The controversy with this new bike came into play with Specialized’s (is that how you do possessive with this brand name?.....that sounds weird) new innovative frame storage compartment that comes on some of the upgraded versions of the new HotWalk™ model. The adult versions of some of Specialized…..’s bikes have what is called a SWAT™

Box just under where the water bottle is mounted on the frame. SWAT™ stands for “storage, water, air, and tools" but for a kid’s bike, those are of little value to the 3 year old shredder. Instead, Specialized included what they call a “Hot Pocket” which, according to an interview with the secretary that answered the phone at Specialized corporate headquarters was, “I dunno, maybe it’s for an apple juice or a PB@J?” I asked if maybe it was for storage of a warm….previously hot…..delicious meat and cheese filled microwavable pastry snack also called a “Hot Pocket®”? A brand subsidiary to Nestlé. She asked if I knew the party’s extension for whom I would like to speak to tell her now. I replied “Greg” because honestly I didn’t know but I figured somebody there was named Greg and could help me get to the bottom of this, so I left a voicemail with Greg from accounting and am awaiting a detailed response.

Specialized has, in the past, brought multiple other companies to court for Trademark infringement, most notably a local bike shop in Cochrane, Alberta named Cafe Roubaix…..that’s French for Rubix...I think, which shared the name with one of Specialized’s popular road bikes.
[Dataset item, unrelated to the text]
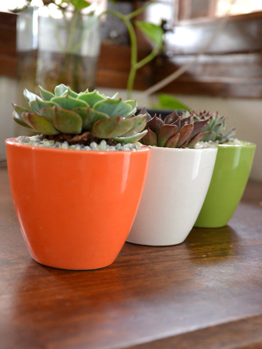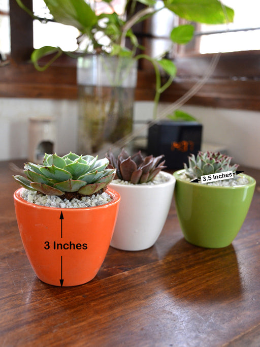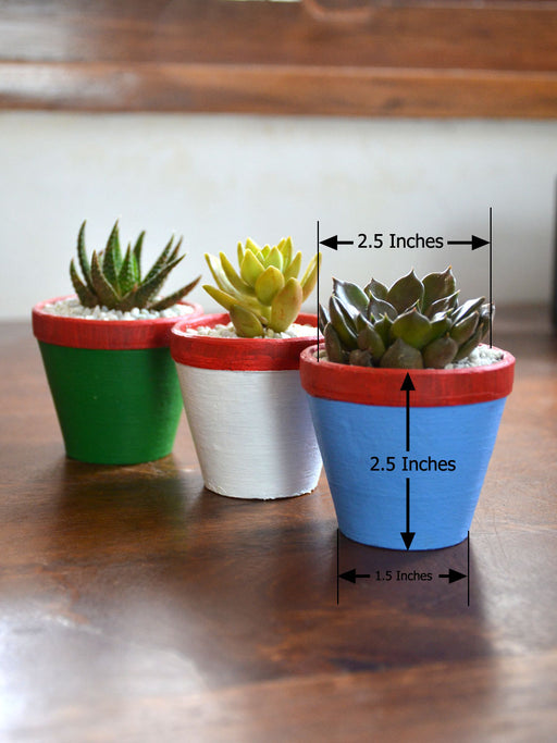 MudfingersIn stockCeramic Pot Size : 3" tall; 3.5" wide inches Tricolor Succulents in Ceramic Pots (Set of 3) : 3 beautiful Ceramic pots themed on our Indian Flag, w...

The name Roubaix comes from the name of a French city with a long history of renown road bike races. The cycling community saw it as a step too far and this resulted in bad press for the popular bike company.

Now that Nestle has turned the tables on Specialized and is suing them for trademark infringement, it is up to Specialized to prove that the nifty frame storage feature does not represent a clear violation of trademark law which requires a distinction between the name of a product being distinctly different in function from the trademarked product of another company. Lawyers for Specialized are expected to make the argument that, “Sometimes a pocket is hot, and we all have pockets, sometimes they're hot. "Hot" is an adjective describing what kind of pocket you got. Like I can’t have a pocket that’s hot? ...It’s a hole, like a hole in the frame, it’s not what it is, it’s what it isn’t….like, it’s just a hole in the bike, what’s the big deal? (sic)” The Morning Rag ® was not able to get a comment from Specialized about the on-going litigation so the aforementioned unattributed quote was from a facebook friend that knows all about copyright law. He also said I should place a legal disclaimer here, so: “This article, The Morning Rag ® and its contents, all names mentioned and not mentioned are hereby indemnified from all legal action and recourse, or besmirching of character, quality, and value.” Thus be it so ®.